START Provided information
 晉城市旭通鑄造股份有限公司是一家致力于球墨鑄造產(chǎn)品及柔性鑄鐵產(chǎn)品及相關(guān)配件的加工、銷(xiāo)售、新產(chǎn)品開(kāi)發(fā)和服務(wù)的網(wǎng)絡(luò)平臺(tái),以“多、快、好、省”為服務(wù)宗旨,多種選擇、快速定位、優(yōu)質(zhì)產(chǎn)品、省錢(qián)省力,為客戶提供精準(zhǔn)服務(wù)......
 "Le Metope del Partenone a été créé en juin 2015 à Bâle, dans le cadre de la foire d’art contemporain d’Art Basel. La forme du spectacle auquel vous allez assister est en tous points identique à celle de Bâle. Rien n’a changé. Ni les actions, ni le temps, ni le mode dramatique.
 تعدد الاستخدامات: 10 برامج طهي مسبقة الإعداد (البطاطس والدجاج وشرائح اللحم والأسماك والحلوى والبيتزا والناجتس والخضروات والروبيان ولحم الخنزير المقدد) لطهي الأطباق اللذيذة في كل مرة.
END Provided information
START Provided information
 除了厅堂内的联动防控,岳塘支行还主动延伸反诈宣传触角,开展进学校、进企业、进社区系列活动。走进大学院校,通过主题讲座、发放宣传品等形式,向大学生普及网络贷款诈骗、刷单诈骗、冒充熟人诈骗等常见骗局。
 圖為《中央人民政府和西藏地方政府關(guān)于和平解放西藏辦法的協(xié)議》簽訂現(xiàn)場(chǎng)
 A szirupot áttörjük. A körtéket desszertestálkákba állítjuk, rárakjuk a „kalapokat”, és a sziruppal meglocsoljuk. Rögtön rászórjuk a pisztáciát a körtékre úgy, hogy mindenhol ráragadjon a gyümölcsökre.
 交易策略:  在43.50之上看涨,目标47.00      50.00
END Provided information
In the records above, find the line with "晉城市旭通鑄造股份有限公司是"; write out exactly that line and each one after it, stopping after the line with "تعدد الاستخدامات: 10".

 晉城市旭通鑄造股份有限公司是一家致力于球墨鑄造產(chǎn)品及柔性鑄鐵產(chǎn)品及相關(guān)配件的加工、銷(xiāo)售、新產(chǎn)品開(kāi)發(fā)和服務(wù)的網(wǎng)絡(luò)平臺(tái),以“多、快、好、省”為服務(wù)宗旨,多種選擇、快速定位、優(yōu)質(zhì)產(chǎn)品、省錢(qián)省力,為客戶提供精準(zhǔn)服務(wù)......
 "Le Metope del Partenone a été créé en juin 2015 à Bâle, dans le cadre de la foire d’art contemporain d’Art Basel. La forme du spectacle auquel vous allez assister est en tous points identique à celle de Bâle. Rien n’a changé. Ni les actions, ni le temps, ni le mode dramatique.
 تعدد الاستخدامات: 10 برامج طهي مسبقة الإعداد (البطاطس والدجاج وشرائح اللحم والأسماك والحلوى والبيتزا والناجتس والخضروات والروبيان ولحم الخنزير المقدد) لطهي الأطباق اللذيذة في كل مرة.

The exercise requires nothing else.